While the innumerable contributions by Dr. Daneman and his colleagues have made large strides in the field of T1D, he believes in an even more promising future in diabetes research: “the future of T1D is a continued sophistication of the treatment that will ultimately lead to an artificial pancreas with a sensor for glucose that tells a computer how much insulin to distribute–more when the blood sugar is high, less when it is coming down–taking the brain out of the process. The second area will be in the use of stem cells, or something within that field, which can engineer cells to produce insulin.” Dr. Daneman remarked that the technology is there, and believes the research shows much promise.
A career in research is one that can yield great success as well as Herculean setbacks. “If you don’t have setbacks, if things go too smoothly at the Master’s or the PhD level, you probably haven’t asked a big enough question. The best thing that can happen to you along the way is that you get counterintuitive answers,” says Dr. Daneman. “Sometimes counterintuitive results lead you in a whole different direction, which is very positive.” Dr. Daneman ultimately likens research to an inuksuk, where the “rocks” of sustainability and resilience hold up the “rock” of methodology, which lays the foundation for the content–the pinnacle of the inuksuk. Ultimately, much like methodology lays the foundation for experimental designs, Dr. Daneman’s work lays the foundation for the future of T1D research. His legacy transcends his publications and distinguished accolades to a career which has made, and will continue to make, enormous impacts for patients, their families, the research community, and the future of the field.
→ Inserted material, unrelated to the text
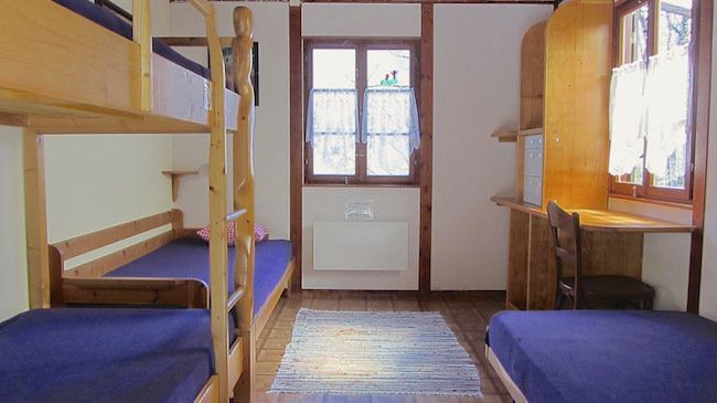Alle Zimmer sind mit Etagenbetten und einer Heizung in den kalten Monaten ausgestattet. Die Gemeinschaftsbäder mit Dusche liegen auf der gleichen Etage. Schliessfächer vorhanden.

- Knip M, Åkerblom HK, Al Taji E, Becker D, Bruining J, Castano L, Danne T, de Beaufort C, Dosch HM, Dupre J, Fraser WD. Effect of Hydrolyzed Infant Formula vs Conventional Formula on Risk of Type 1 Diabetes: The TRIGR Randomized Clinical Trial. Jama. 2018 Jan 2;319(1):38-48.
- Jones JM, Lawson ML, Daneman D, Olmsted MP, Rodin G. Eating disorders in adolescent females with and without type 1 diabetes: cross sectional study. Bmj. 2000 Jun 10;320(7249):1563-6.
- Rydall AC, Rodin GM, Olmsted MP, Devenyi RG, Daneman D. Disordered eating behavior and microvascular complications in young women with insulin-dependent diabetes mellitus. New England Journal of Medicine. 1997 Jun 26;336(26):1849-54.